Only one span is wanted from the lines below: from the one with "精油を使用したすっきり優しい" up to and including the one with "Para que la". Copy it exactly, without images.

Material shown
# # # #
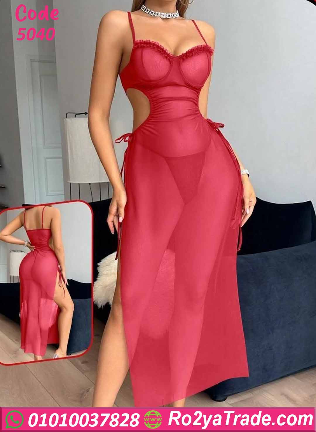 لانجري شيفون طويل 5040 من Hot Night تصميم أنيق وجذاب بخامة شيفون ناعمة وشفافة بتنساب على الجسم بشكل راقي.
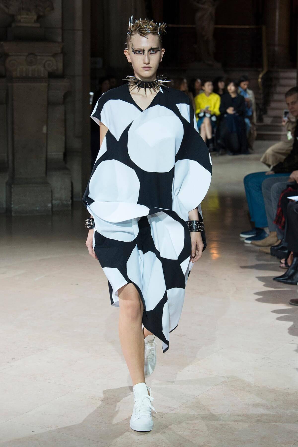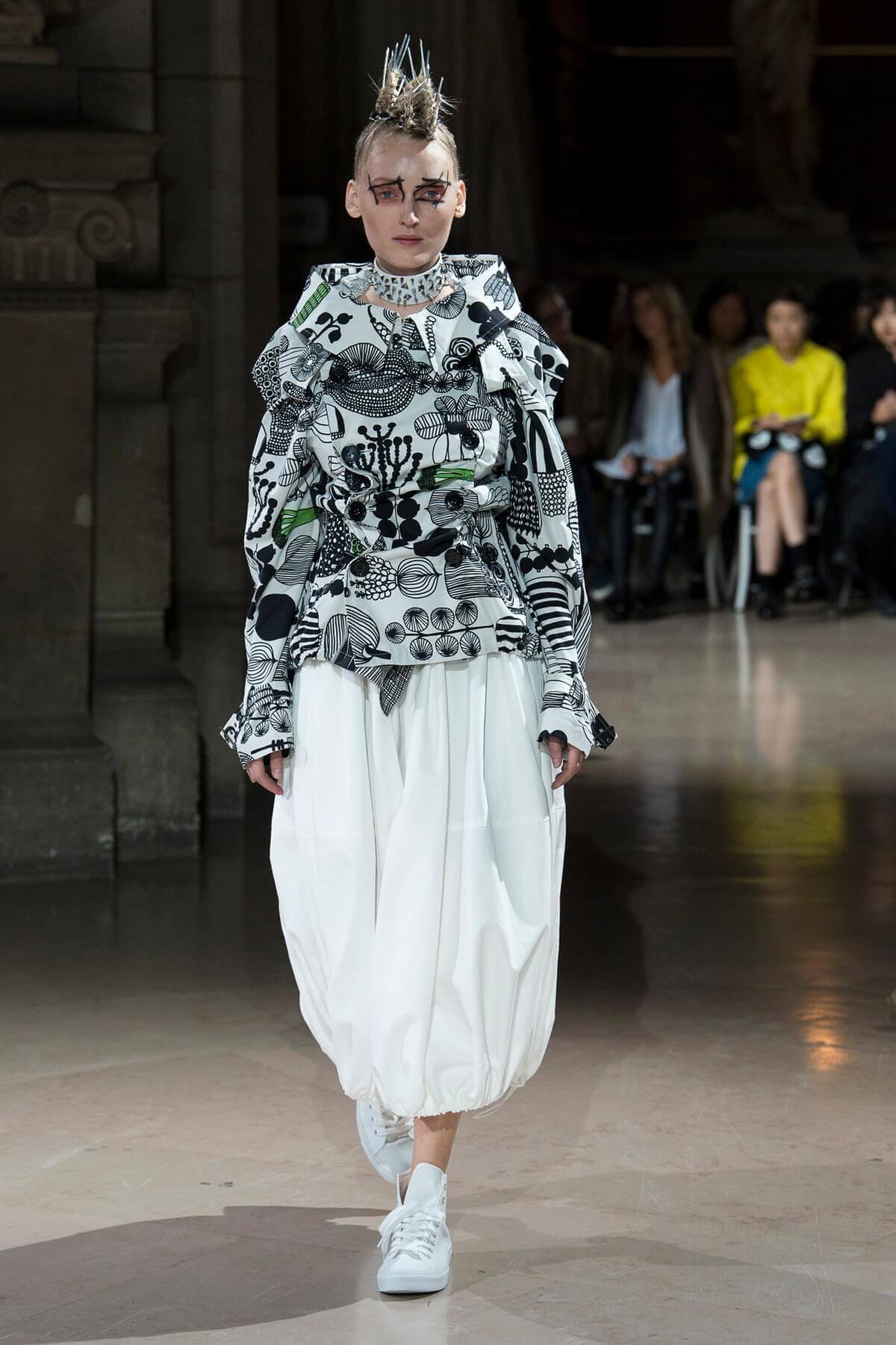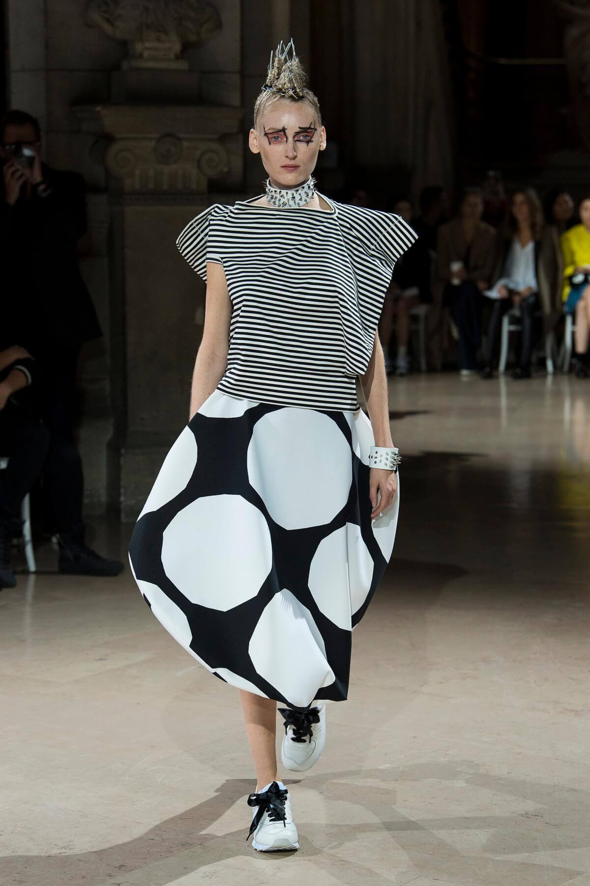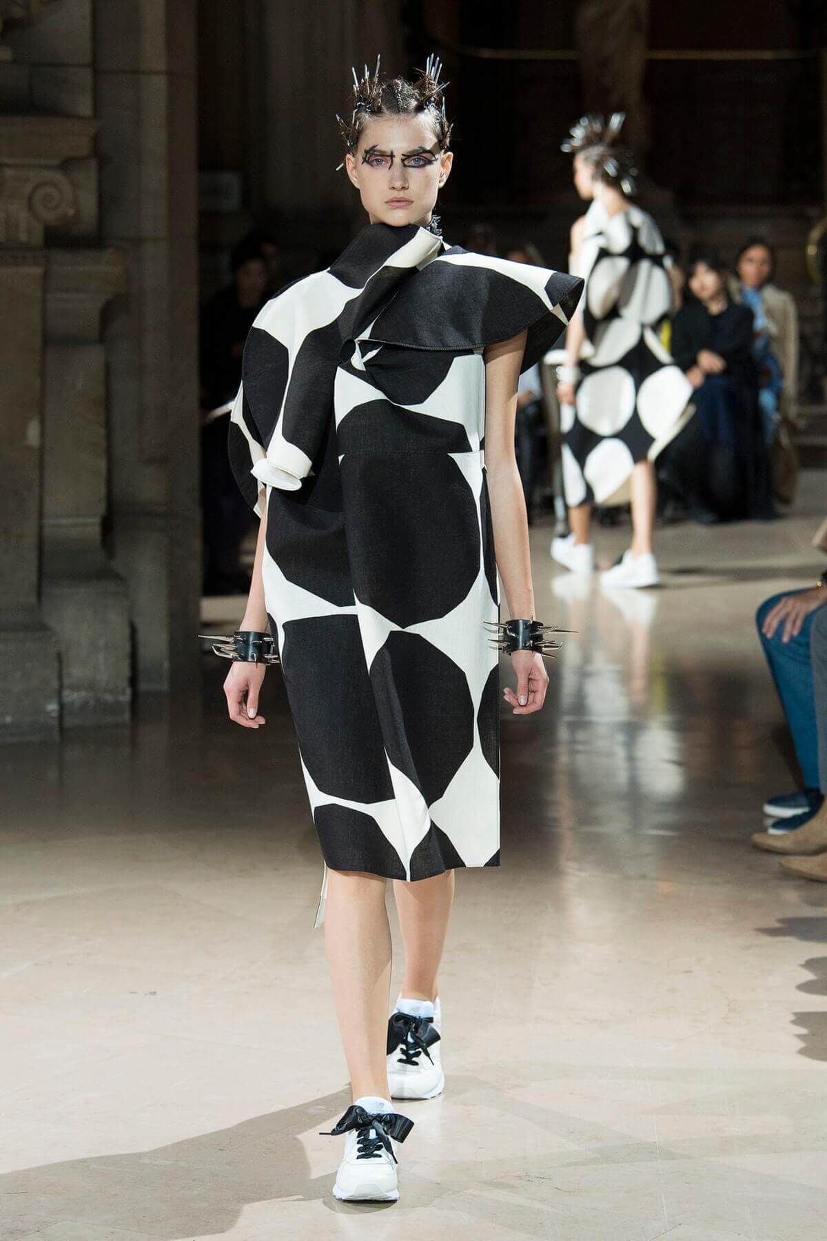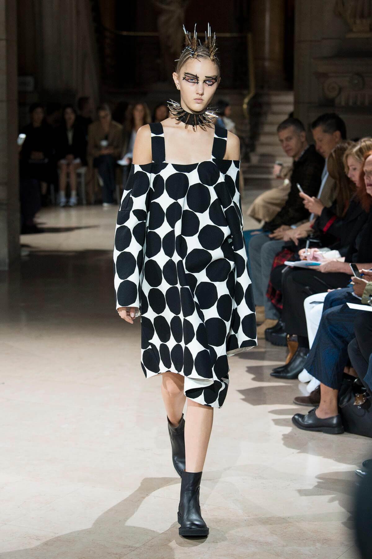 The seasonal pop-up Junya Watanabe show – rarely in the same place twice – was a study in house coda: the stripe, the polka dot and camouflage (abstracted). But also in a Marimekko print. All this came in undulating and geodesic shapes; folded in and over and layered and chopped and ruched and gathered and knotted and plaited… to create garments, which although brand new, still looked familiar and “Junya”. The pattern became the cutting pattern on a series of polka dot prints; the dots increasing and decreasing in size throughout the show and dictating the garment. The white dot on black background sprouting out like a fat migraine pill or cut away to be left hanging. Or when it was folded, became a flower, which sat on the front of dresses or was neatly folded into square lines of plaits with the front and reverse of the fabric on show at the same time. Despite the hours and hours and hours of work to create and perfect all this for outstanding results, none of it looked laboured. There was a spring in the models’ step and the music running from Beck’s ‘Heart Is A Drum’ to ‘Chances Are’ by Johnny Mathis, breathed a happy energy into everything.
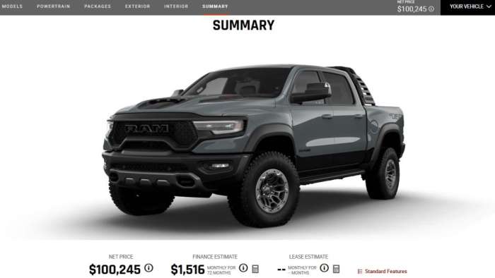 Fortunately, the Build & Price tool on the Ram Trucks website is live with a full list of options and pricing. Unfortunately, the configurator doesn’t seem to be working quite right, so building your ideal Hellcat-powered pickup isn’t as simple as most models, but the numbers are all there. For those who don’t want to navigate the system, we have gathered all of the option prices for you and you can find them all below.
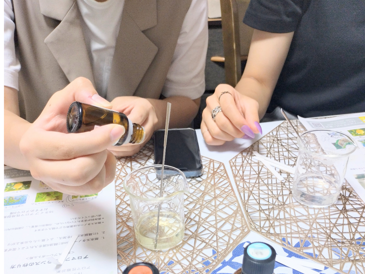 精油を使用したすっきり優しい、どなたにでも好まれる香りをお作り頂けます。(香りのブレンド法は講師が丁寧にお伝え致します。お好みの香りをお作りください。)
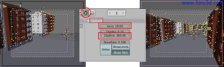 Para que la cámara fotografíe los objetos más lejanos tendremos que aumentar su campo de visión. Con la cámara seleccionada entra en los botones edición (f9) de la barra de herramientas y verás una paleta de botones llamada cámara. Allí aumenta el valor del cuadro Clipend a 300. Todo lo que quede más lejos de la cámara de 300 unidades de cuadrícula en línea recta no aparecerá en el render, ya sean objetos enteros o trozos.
# # # #
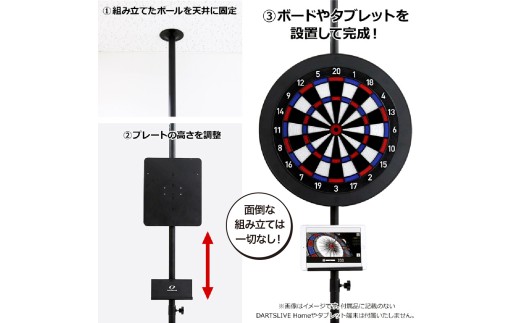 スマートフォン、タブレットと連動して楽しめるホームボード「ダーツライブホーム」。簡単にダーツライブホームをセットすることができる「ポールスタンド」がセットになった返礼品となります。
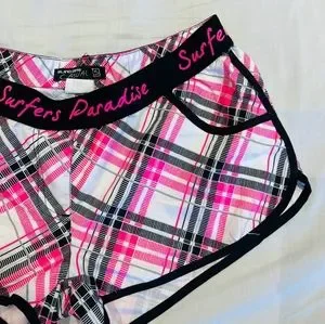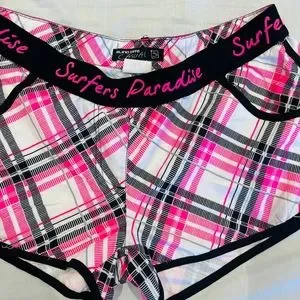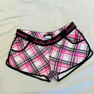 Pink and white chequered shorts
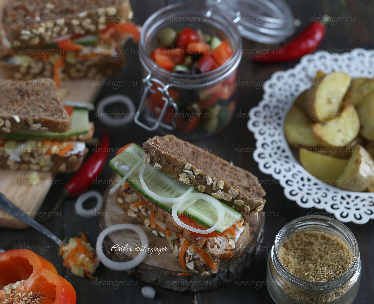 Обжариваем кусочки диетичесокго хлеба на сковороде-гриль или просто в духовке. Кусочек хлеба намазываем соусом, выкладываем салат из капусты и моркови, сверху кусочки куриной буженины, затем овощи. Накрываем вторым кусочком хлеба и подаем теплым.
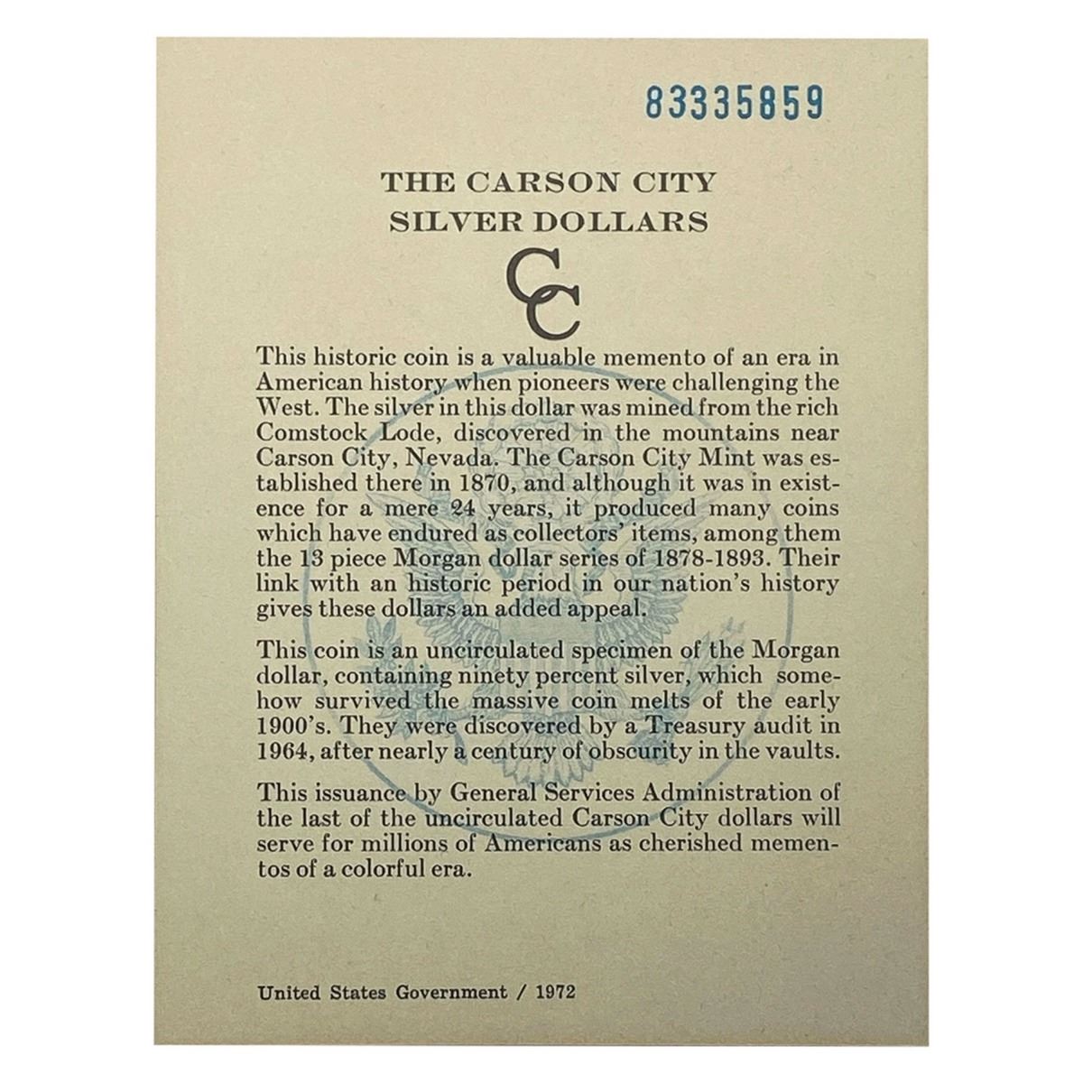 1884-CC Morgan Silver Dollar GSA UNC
# # # #
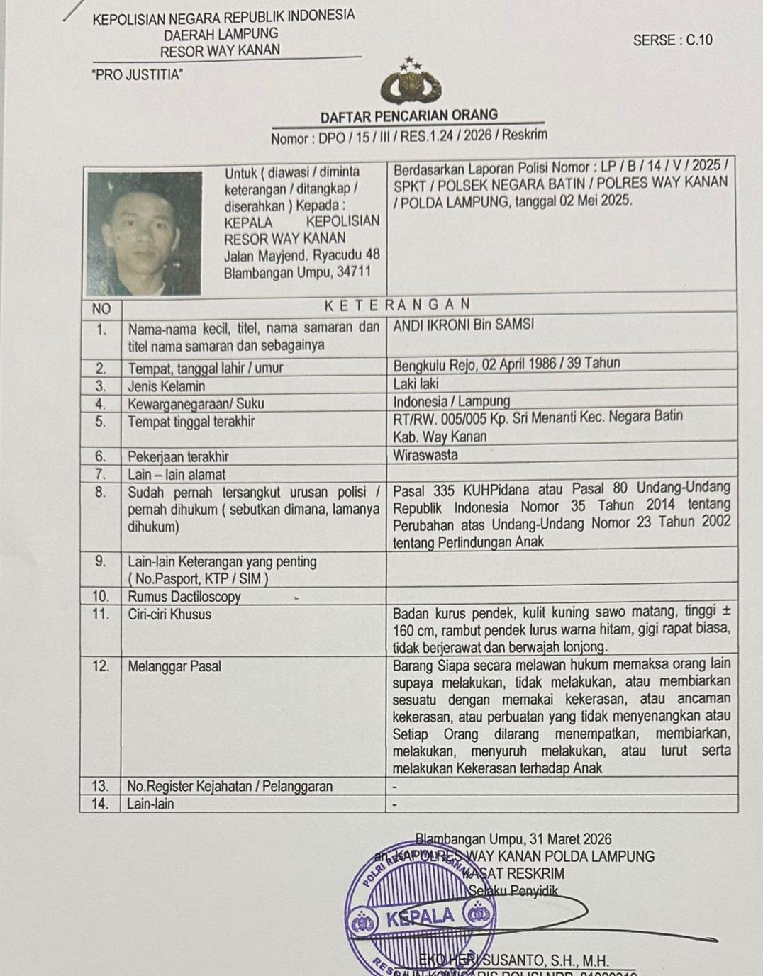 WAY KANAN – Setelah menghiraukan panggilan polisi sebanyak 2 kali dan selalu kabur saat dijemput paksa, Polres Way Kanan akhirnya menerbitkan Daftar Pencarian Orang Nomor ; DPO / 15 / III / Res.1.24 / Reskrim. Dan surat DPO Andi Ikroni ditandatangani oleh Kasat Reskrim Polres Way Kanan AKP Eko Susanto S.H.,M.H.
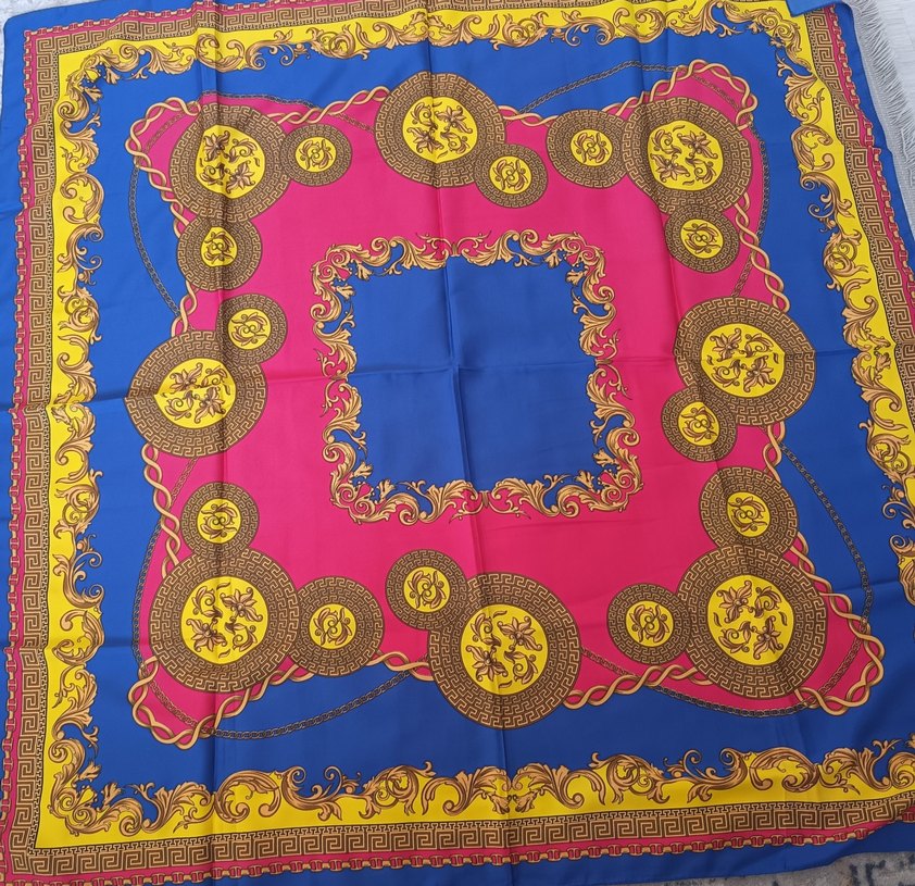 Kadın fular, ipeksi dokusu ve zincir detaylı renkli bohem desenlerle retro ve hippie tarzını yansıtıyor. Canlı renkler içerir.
# # # #
Result for this exercise
 精油を使用したすっきり優しい、どなたにでも好まれる香りをお作り頂けます。(香りのブレンド法は講師が丁寧にお伝え致します。お好みの香りをお作りください。)
 Para que la cámara fotografíe los objetos más lejanos tendremos que aumentar su campo de visión. Con la cámara seleccionada entra en los botones edición (f9) de la barra de herramientas y verás una paleta de botones llamada cámara. Allí aumenta el valor del cuadro Clipend a 300. Todo lo que quede más lejos de la cámara de 300 unidades de cuadrícula en línea recta no aparecerá en el render, ya sean objetos enteros o trozos.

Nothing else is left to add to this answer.